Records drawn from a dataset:
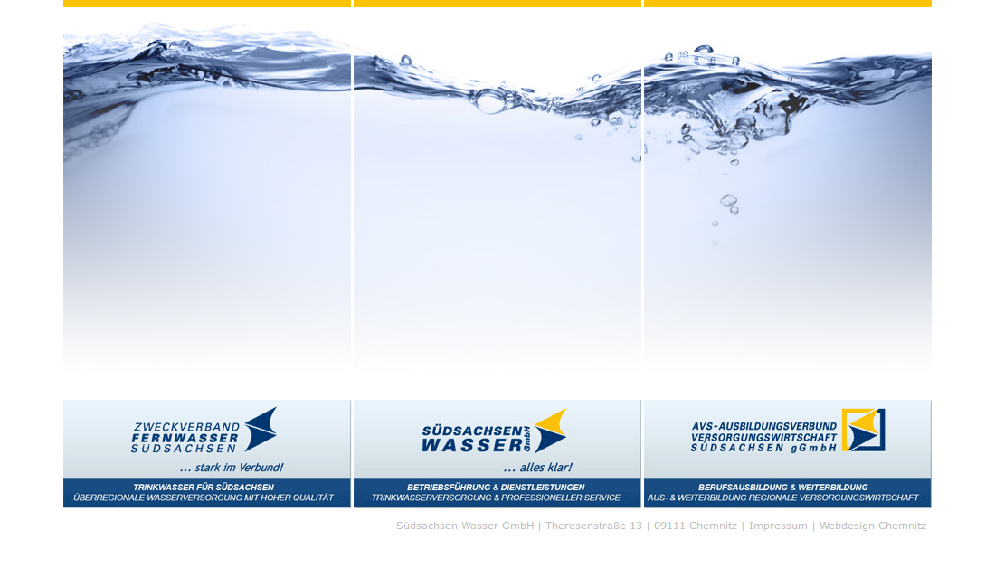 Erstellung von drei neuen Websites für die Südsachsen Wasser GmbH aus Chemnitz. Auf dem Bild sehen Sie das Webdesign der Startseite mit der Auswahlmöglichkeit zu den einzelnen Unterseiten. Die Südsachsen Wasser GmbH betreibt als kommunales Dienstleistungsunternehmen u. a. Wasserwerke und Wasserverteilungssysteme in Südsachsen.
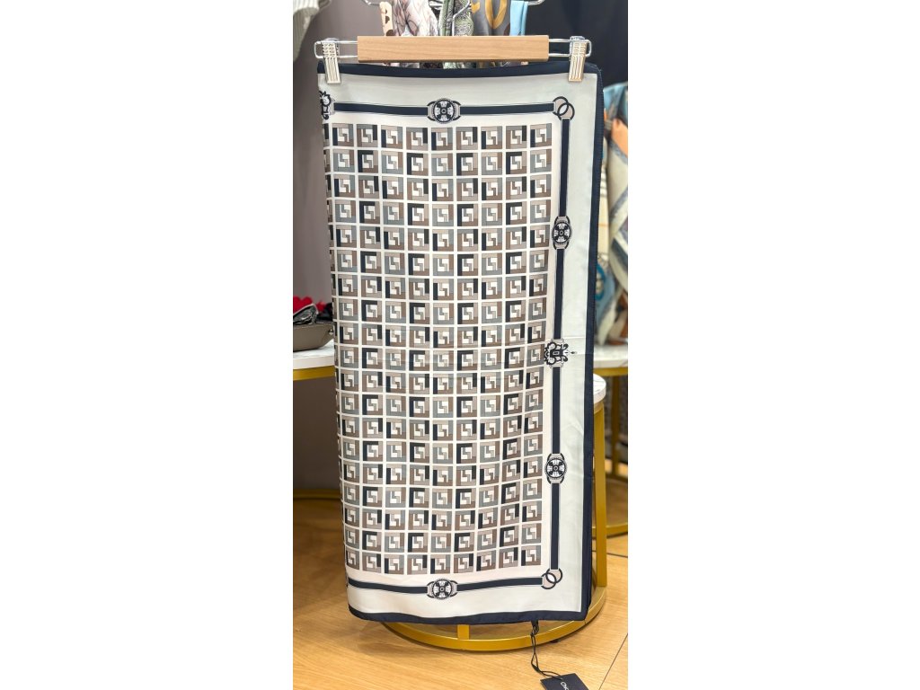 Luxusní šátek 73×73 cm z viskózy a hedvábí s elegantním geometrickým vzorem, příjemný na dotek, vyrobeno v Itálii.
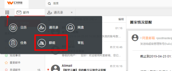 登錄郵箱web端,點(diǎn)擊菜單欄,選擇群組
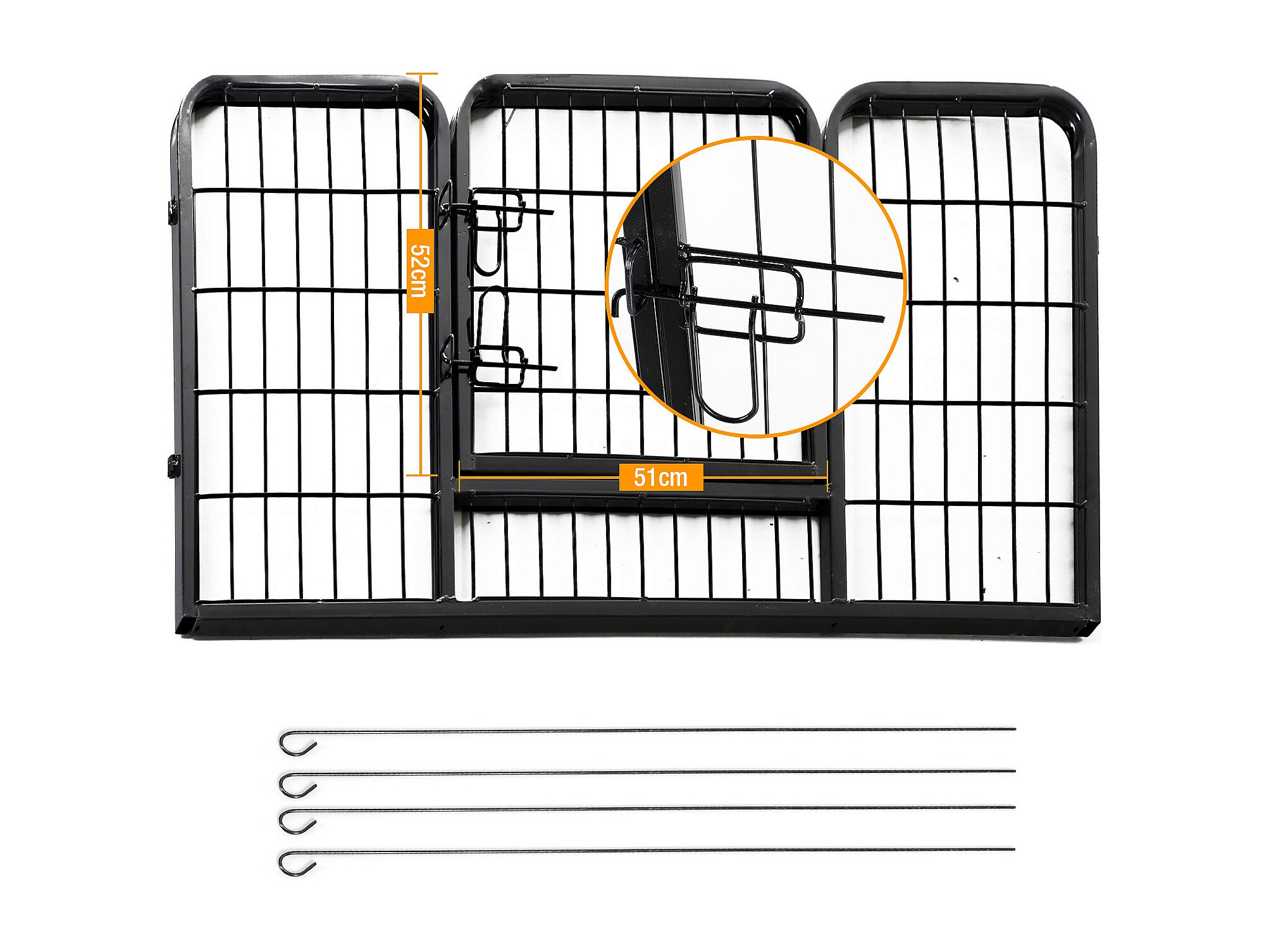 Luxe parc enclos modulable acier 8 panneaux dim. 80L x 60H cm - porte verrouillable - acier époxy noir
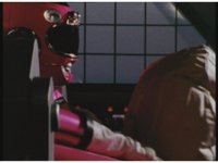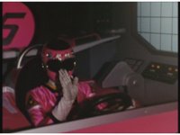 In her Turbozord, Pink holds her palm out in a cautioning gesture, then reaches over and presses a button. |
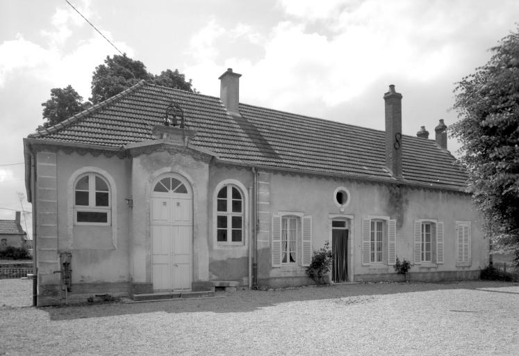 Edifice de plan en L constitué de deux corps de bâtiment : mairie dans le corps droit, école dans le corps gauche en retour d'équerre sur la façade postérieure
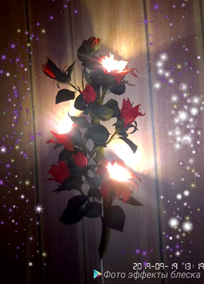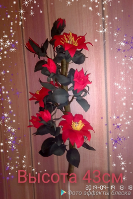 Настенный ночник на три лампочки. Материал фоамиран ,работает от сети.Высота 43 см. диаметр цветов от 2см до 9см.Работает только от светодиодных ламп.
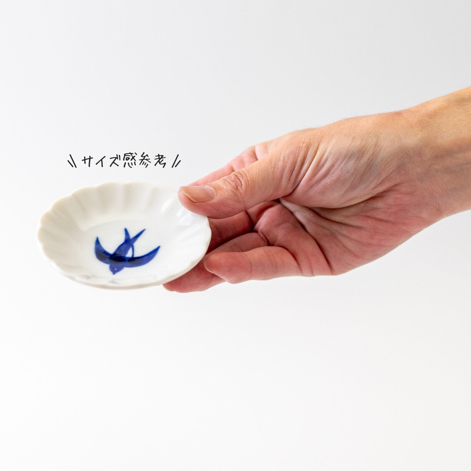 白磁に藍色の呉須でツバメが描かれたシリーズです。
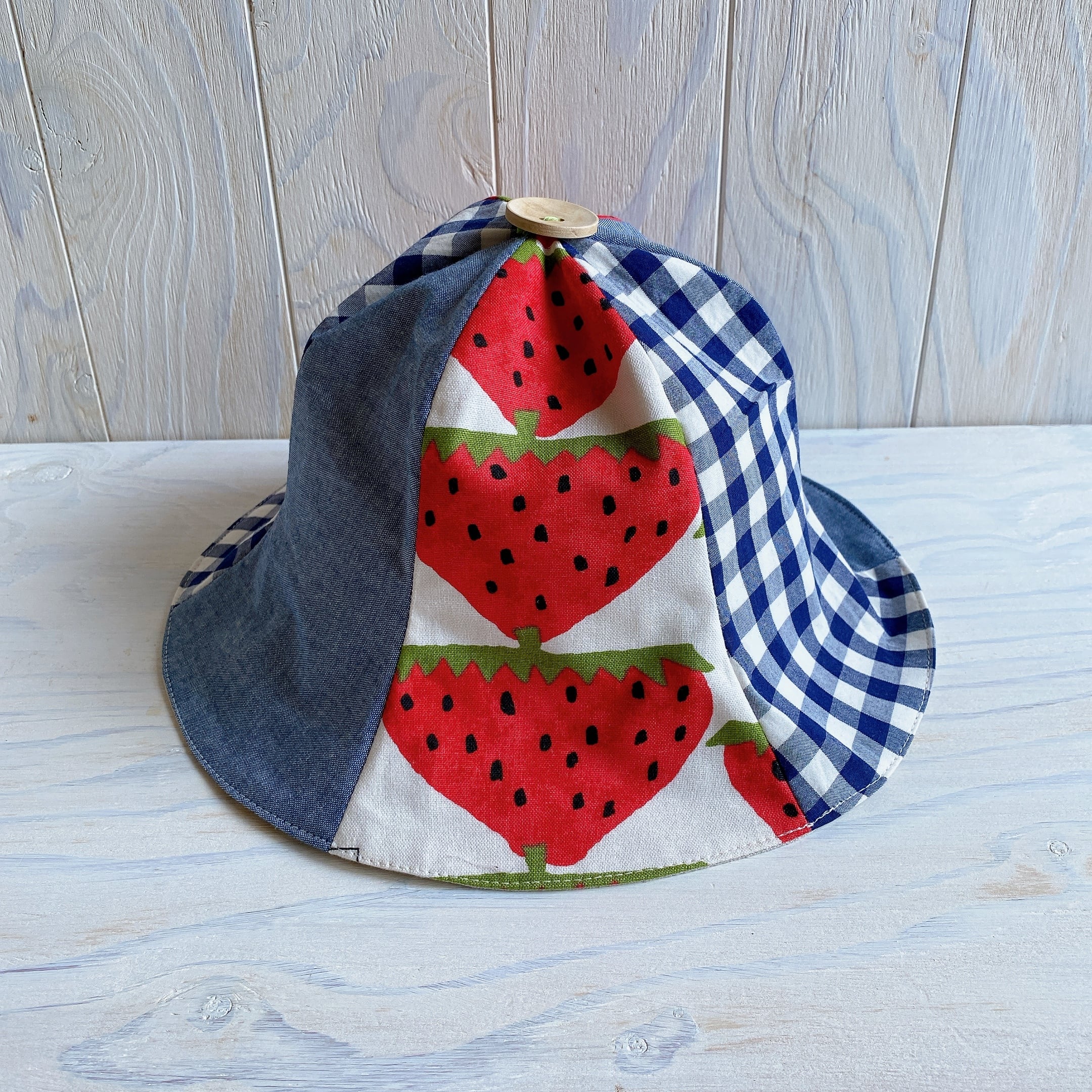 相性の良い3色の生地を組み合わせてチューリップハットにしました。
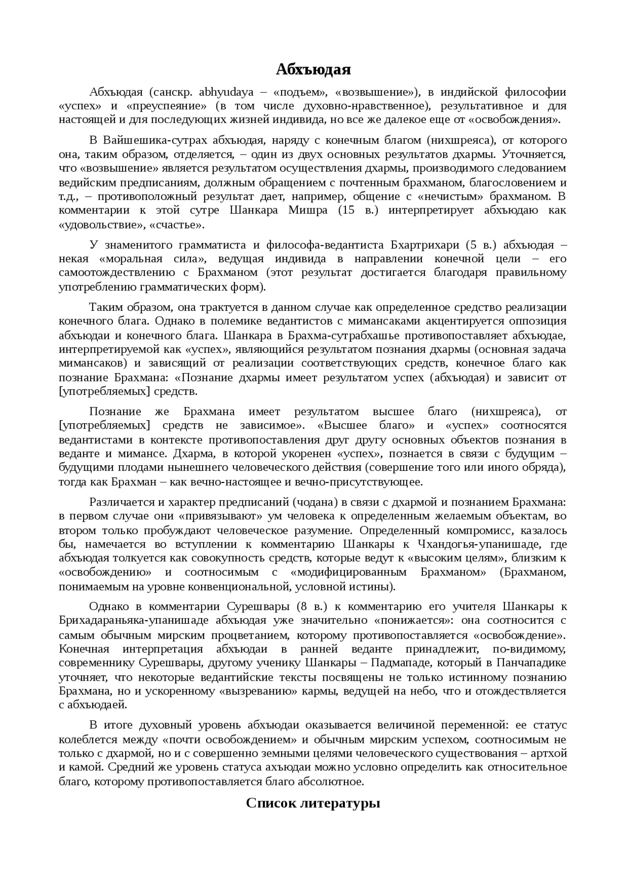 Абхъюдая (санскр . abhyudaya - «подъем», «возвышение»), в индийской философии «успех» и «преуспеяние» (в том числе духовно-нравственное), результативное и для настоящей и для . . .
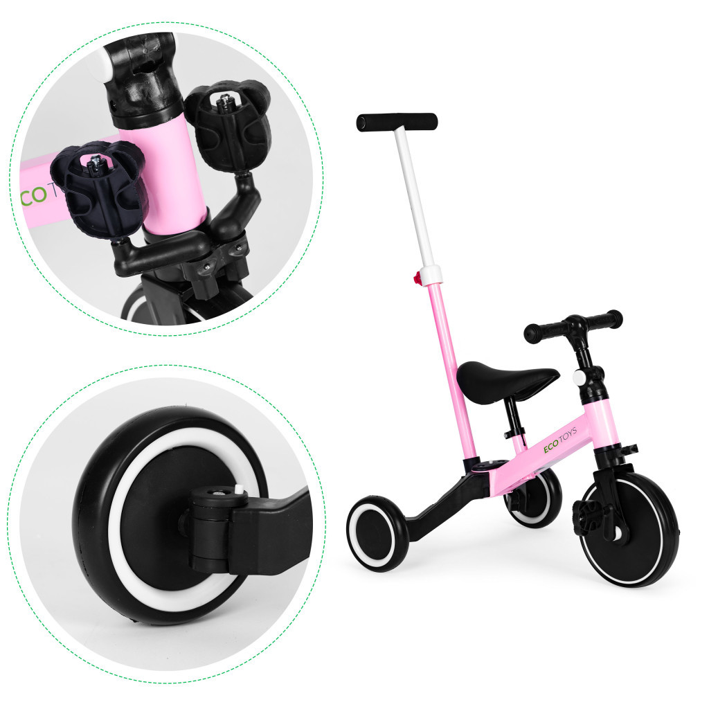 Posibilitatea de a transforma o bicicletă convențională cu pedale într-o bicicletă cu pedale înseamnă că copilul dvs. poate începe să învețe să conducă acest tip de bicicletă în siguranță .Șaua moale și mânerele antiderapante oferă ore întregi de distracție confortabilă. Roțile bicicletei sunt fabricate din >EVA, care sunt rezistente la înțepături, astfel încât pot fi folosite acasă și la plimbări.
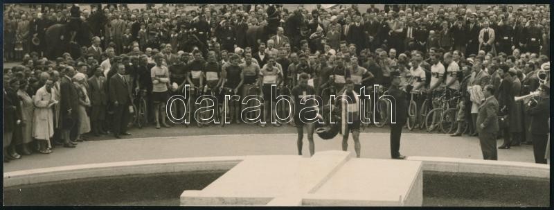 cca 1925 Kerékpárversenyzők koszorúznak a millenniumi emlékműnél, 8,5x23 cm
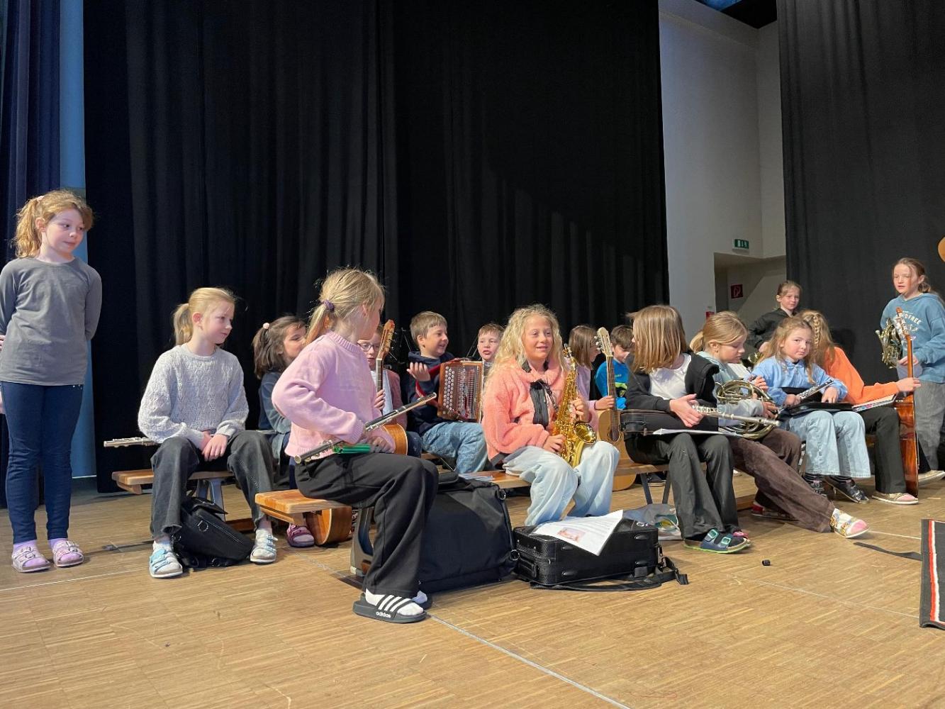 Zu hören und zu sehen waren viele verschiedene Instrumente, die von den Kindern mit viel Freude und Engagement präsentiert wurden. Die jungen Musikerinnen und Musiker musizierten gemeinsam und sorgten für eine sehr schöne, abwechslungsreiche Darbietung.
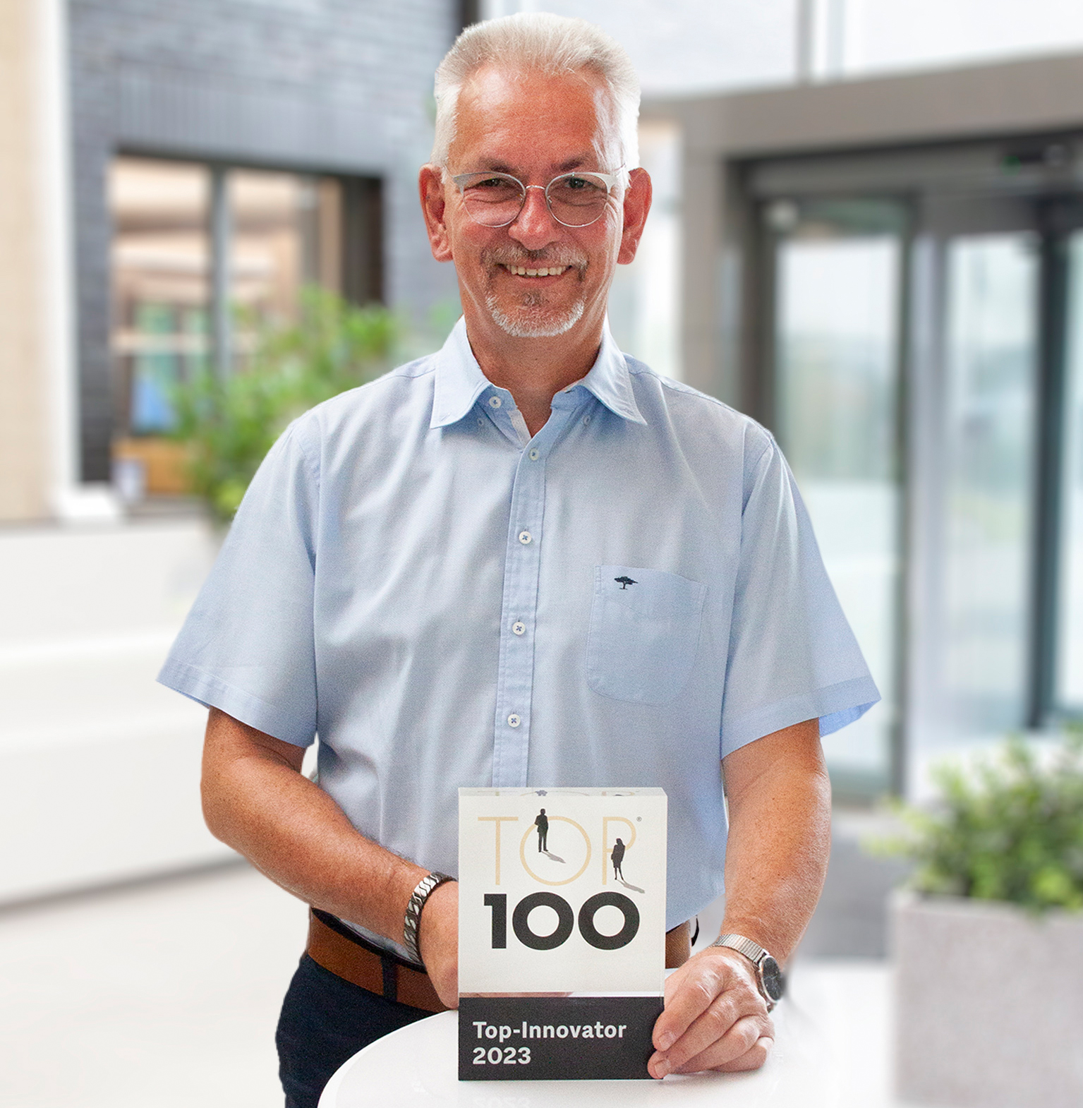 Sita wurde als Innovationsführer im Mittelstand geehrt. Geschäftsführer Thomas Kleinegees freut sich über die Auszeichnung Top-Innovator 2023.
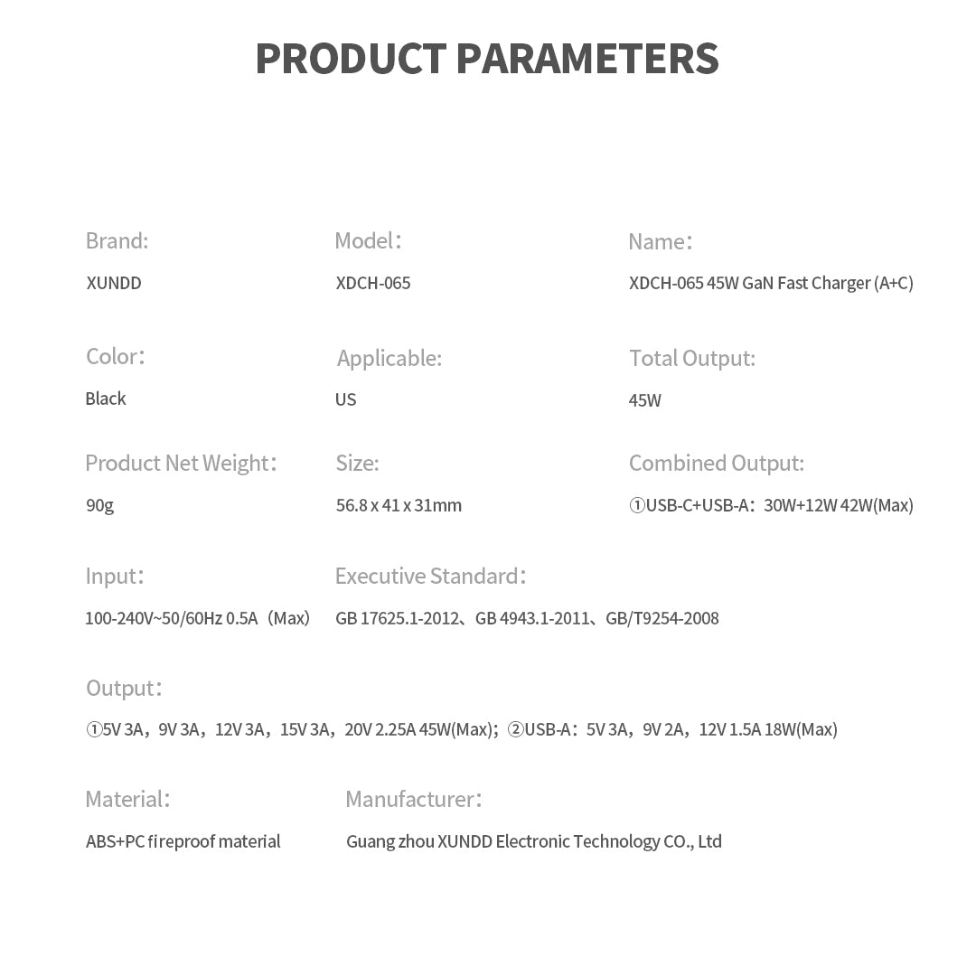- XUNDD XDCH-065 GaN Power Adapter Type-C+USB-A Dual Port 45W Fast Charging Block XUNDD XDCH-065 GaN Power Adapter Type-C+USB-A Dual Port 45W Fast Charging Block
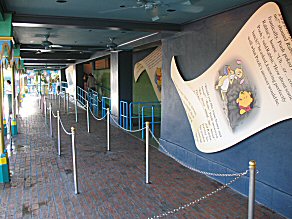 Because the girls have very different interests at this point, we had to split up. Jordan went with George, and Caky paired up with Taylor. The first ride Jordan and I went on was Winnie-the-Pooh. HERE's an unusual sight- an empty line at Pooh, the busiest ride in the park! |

[Problem statement]: Word for word, give again the lines from the first entry to the line with "Luxe parc enclos", inclusive. Exclude the pictures.

[Your response]:
 Erstellung von drei neuen Websites für die Südsachsen Wasser GmbH aus Chemnitz. Auf dem Bild sehen Sie das Webdesign der Startseite mit der Auswahlmöglichkeit zu den einzelnen Unterseiten. Die Südsachsen Wasser GmbH betreibt als kommunales Dienstleistungsunternehmen u. a. Wasserwerke und Wasserverteilungssysteme in Südsachsen.
 Luxusní šátek 73×73 cm z viskózy a hedvábí s elegantním geometrickým vzorem, příjemný na dotek, vyrobeno v Itálii.
 登錄郵箱web端,點(diǎn)擊菜單欄,選擇群組
 Luxe parc enclos modulable acier 8 panneaux dim. 80L x 60H cm - porte verrouillable - acier époxy noir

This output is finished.